Step 1: The Browser Cache
The first place your browser looks is its own cache. If you visited www.example.com five minutes ago, Chrome or Firefox probably still has the IP address cached in memory. No network request needed.
This is important. In my experience, a huge percentage of DNS “lookups” never leave the browser. Modern browsers cache aggressively, respecting the TTL (Time to Live) values from DNS responses but sometimes holding onto records even longer for performance reasons.
If the browser cache misses, we move on.
Step 2: The Operating System’s Stub Resolver
Your browser asks the operating system to resolve the name. On Linux, this goes through the stub resolver, typically configured via /etc/resolv.conf or, more recently, systemd-resolved. On Windows, it’s the DNS Client service. On macOS, it’s mDNSResponder.
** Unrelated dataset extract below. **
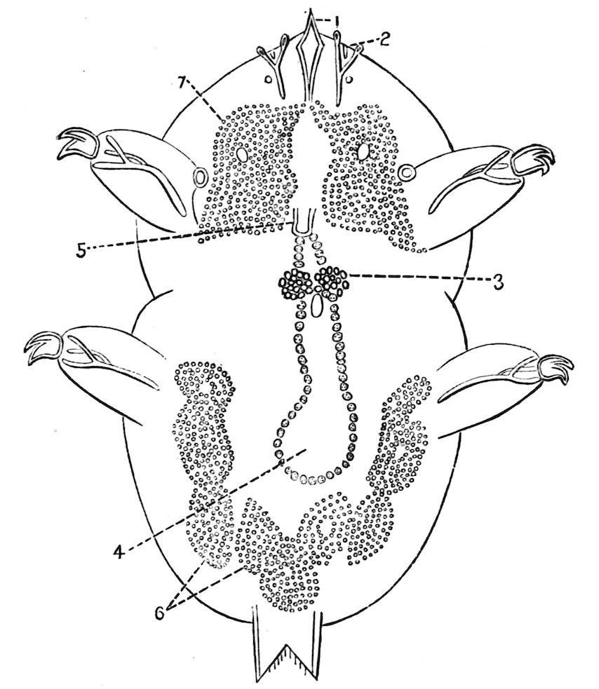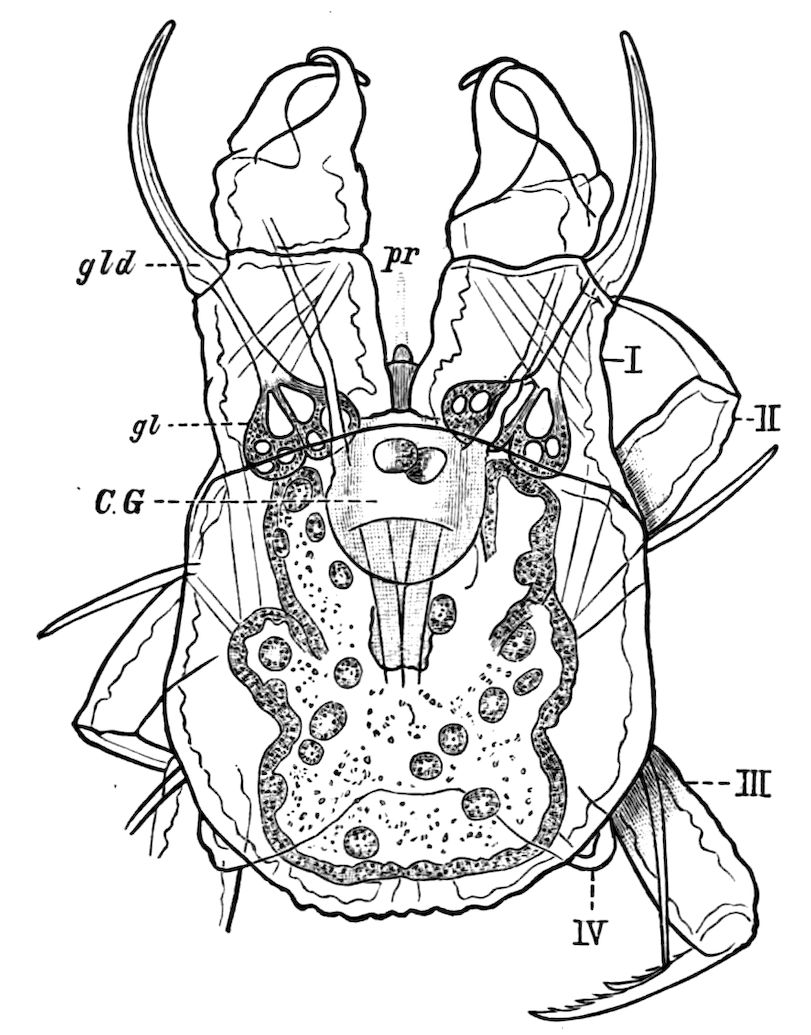 427. Cf. Oudemans, Tijdschr. d. Ned. Dierk. Ver. (2), i., 1886, p. 41: “Jedermann weiss nun, dass diese Tiere eine ganz besondere Urgruppe bilden, ohne alle Verwandschaft mit irgend einer anderen Arthropodengruppe.”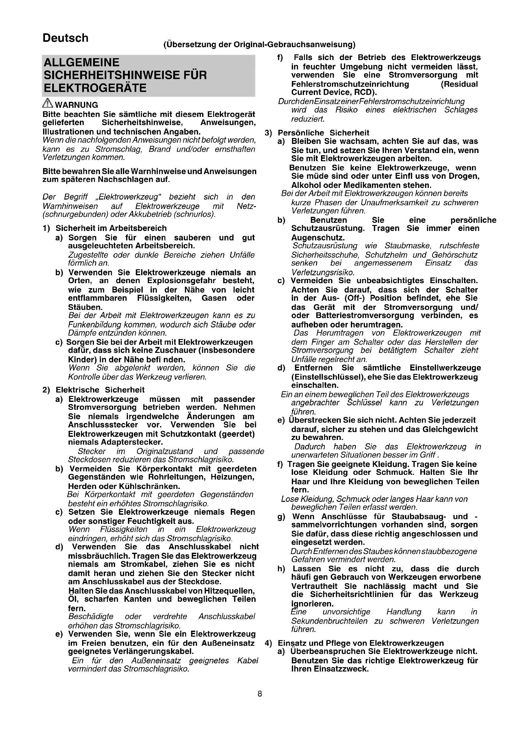 ELEKTROGERÄTE WARNUNG Bitte beachten Sie sämtliche mit diesem Elektrogerät gelieferten Sicherheitshinweise, Anweisungen, Illustrationen und technischen Angaben. Wenn die nachfolgenden Anweisungen nicht befolgt werden, kann es zu Stromschlag, Brand und/oder ernsthaften Verletzungen kommen. Bitte bewahren Sie alle Warnhinweise und Anweisungen zum späteren Nachschlagen auf. Der Begriff „Elektrowerkzeug“ bezieht sich in den Warnhinweisen auf Elektrowerkzeuge mit Netz- (schnurgebunden) oder Akkubetrieb (schnurlos).

The OS has its own cache. On Linux with systemd-resolved, you can inspect it with resolvectl statistics. On Windows, ipconfig /displaydns will show you what’s cached. I’ve debugged countless issues where stale OS-level DNS cache was the culprit. Someone updates a DNS record, the TTL expires, but the OS is still holding the old address.
The OS stub resolver also checks the local hosts file (/etc/hosts on Linux/Mac, C:\Windows\System32\drivers\etc\hosts on Windows). If there’s a hardcoded entry for the domain, the lookup stops here. I’ve seen production incidents caused by forgotten hosts file entries on developer machines that made it into container images. Fun times.
If the OS cache also misses, the stub resolver sends a query to the configured recursive resolver.
Step 3: The Recursive Resolver
This is where the real work begins. The recursive resolver (sometimes called a “caching resolver” or “DNS recursor”) is the workhorse of the DNS system. It’s the server your machine is configured to talk to, typically provided by your ISP, your corporate network, or a public resolver like Google’s 8.8.8.8 or Cloudflare’s 1.1.1.1.
The recursive resolver’s job is to take your query and chase it down through the DNS hierarchy until it finds the answer. It does this on your behalf, so your client doesn’t have to understand the hierarchy at all. Your stub resolver sends one query and gets back one answer. The recursive resolver might make a dozen queries behind the scenes.
But first, the recursive resolver checks its own cache. If someone else on the same network recently looked up www.example.com, the answer might already be cached. This is a massive performance optimization. Corporate DNS servers serving thousands of employees cache aggressively and dramatically reduce external DNS traffic.
If the cache misses, the recursive resolver starts the iterative resolution process.

Step 4: Querying the Root Nameservers
There are 13 root nameserver addresses (labeled a.root-servers.net through m.root-servers.net), though thanks to anycast routing, there are actually hundreds of physical servers distributed globally. These root servers are maintained by organizations like ICANN, NASA, the US Army Research Lab, and Verisign.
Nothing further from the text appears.